7日間で拝見した出品者さんは合計100人。
油彩、リトグラフ、銅版画の3部門で、
自分が好き又は得意とする画家名で任意検索して、
ヒットした結果リストの上から順番にチェックしていきました。
私が拝見した100の出品者さんのうち、
98人が業者または利ざや稼ぎ目的の人、
2人が個人(自分で買った絵を一定期間所有後に出品)でした。
業者と個人の区別は、
現在と過去の出品物と商品説明欄などの情報で判断しただけですので
誤りがあるかもしれません。
また業者といっても多様です。
絵画販売業者さんほか絵画ばかり扱っていた出品者さんは2割程度で、
8割が、何でも骨董屋さん、道具屋さん、古物買取屋さん、代行屋さんなど、
取り扱いが絵画専門ではない出品者さんでした。
私が選んだ1点は自分が好きな作家のリトグラフです。
実際に入札はしていませんが、
入札しても良いと思ったのは、出品物に対しての責任と、
もしニセモノであった場合も返金に応じてくれる誠意が感じられる出品者さんでした。
『ノークレーム・ノーリターン』という言葉が当たり前のように使われているヤフオクの中でも、
「写真・説明と実物で大きな相違がある場合返品可」
「贋作の場合全額返金」
とされている方もいらっしゃいました。
絵画の販売では信頼関係が何よりも大事だと思っています。
それは対面販売であろうとインターネット上であろうと同じです。
ネットオークションでは気軽に絵を買えることが利点ですが、
”顔が見えなければ何を売っても構わない”と言っているとも判断できるような
乱暴な但し書きをされる方とは“気軽に”お取引できそうにありません。
『贋作の場合でも私には責任がありません』、
『代理出品なので私は知りません』、
『キャンセル・クレーム一切お断り』
このようなことを書かれている方をあえて選ぶ勇気は
小心者の私にはありません。
ちなみに、私が今回のもしYで1点選ぶために
商品画像以外にチェックしたポイントは下記のとおりです。
(1→2→3と重要度が下がっていきます。
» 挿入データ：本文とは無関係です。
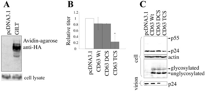 Figure 7: GILT inhibits HIV-1 virion production by digesting S-S bonds in CD63. A. COS7 cells stably expressing CD63-HA were transfected with pcDNA3.1 or GILT. Proteins with free cysteine residues were isolated, and analyzed by western blotting (upper panel). CD63 protein levels in cell lysates were also analyzed by western blotting (lower panel) B. COS7 cells were transfected with VSV-pseudotyped HIV-1 vector construction plasmids, together with pcDNA3.1, HA-tagged wild type CD63, or the DCS or TCS mutant, and culture supernatants from the transfected cells were used to inoculate HeLa cells. Relative values to titers in the pcDNA3.1-transfected cells are indicated (n = 3). Asterisks indicate statistically significant differences. C. Cell lysates and virion pellets from the transfected cells were analyzed by western blotting.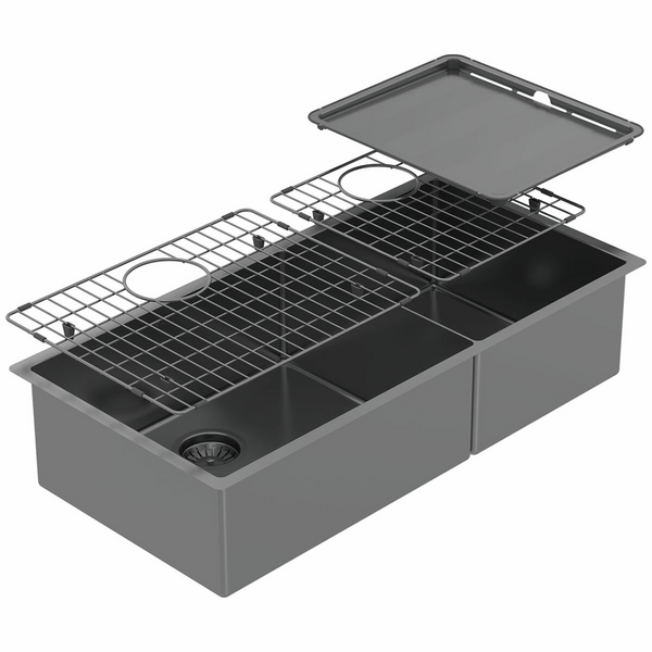 With a large 40-litre bowl and a smaller 20-litre bowl, you can organise your sink space with ease. In addition, the drain tray and drainer grids can be utilised for your convenience. Whether you’re defrosting meat, or soaking cookware with stubborn grease, this flexible and generously-sized double bowl configuration can be adapted to your needs. The minimalist and geometric design will elevate the look of any contemporary kitchen, while the understated black pearl finish adds a sense of sophistication.

)
1. 注意事項【贋作の場合の対応など】
2. プロフィール/自己紹介(オークションストアはストア情報)
【業者と思われる出品者の場合は屋号や住所、古物許可証番号の表記があるか】
3. 商品情報
4. 開始価格
【妥当かどうか。安値スタートの場合はその理由は何か】
5. 評価 【これまでにどんな物を取引しているかをチェック。金額の安いものを大量に売って評価を大量に集めることもできることから、数そのものは重要視しない。また絶対的な基準がないので《良い出品者です》等のコメントも、参考程度。】
実は今回見た中で、???と思った作品が何点もあります。
その画家の作品にあまりなじみがなければお分かりにならないかもしれません。
私の場合は、見習いではありますが一応絵画販売業に携わっていますので、
ニセモノやニセモノでなくてもひどい状態の作品を落札してしまった時は、
それなりの方法で出品者に対処できると思います。
ネットワークを使って悪質な出品者を特定し、善処することも可能でしょう。
しかし実際はそのトラブル解決のために費やす時間もお金も労力も惜しいです。
一般の方でしたら、「泣き寝入り」するしかないかもしれません。
平成24年3月15日付けの警察庁広報資料
『平成23年中のサイバー犯罪の検挙状況等について』によると、
全国の警察の相談窓口で受理したインターネットオークションに関する相談は
5,905件(前年比-1,000件、-14.5%)で、平成17年をピークに減少傾向にあるそうです。
【P2、2 サイバー犯罪等に関する相談状況】
しかし、実情はどうなのでしょうか?
『警察に言うのはめんどうだから』と思われる方も多いと思いませんか?
被害に気づくまでに時間がかかる場合もあると思いませんか?
ヤフオクでの絵画取引にまつわるトラブルに関して言えば、
『ニセモノをつかまされた』という話ばかりではなく、
届いた作品の状態が最悪だった、
版画作品の色がかなりぬけていた、など色々あります。
●入札する画家の作品を勉強する
●疑問があれば質問して明らかにする
●万が一ダマされても悔しくない範囲で取引する
●安心して取引できないようなら入札しない
など、極めて基本的なアドバイスしかできないのが心苦しいのですが
どうかくれぐれもご注意ください。
『絵は二度と買いたくない、見たくない』
と言われるのは、
本当に悲しいです。
以上が、もしYのご報告です。
私の選択はみなさんの予想どうりでしたか?
ギャルリー日本ぶっくあーと、見習い12年目
mayumi
2012.06.01.
画廊所在地:
山梨県甲府市千塚一丁目9-14
湯村ショッピングセンター 3階
(甲府富士屋ホテル様近く)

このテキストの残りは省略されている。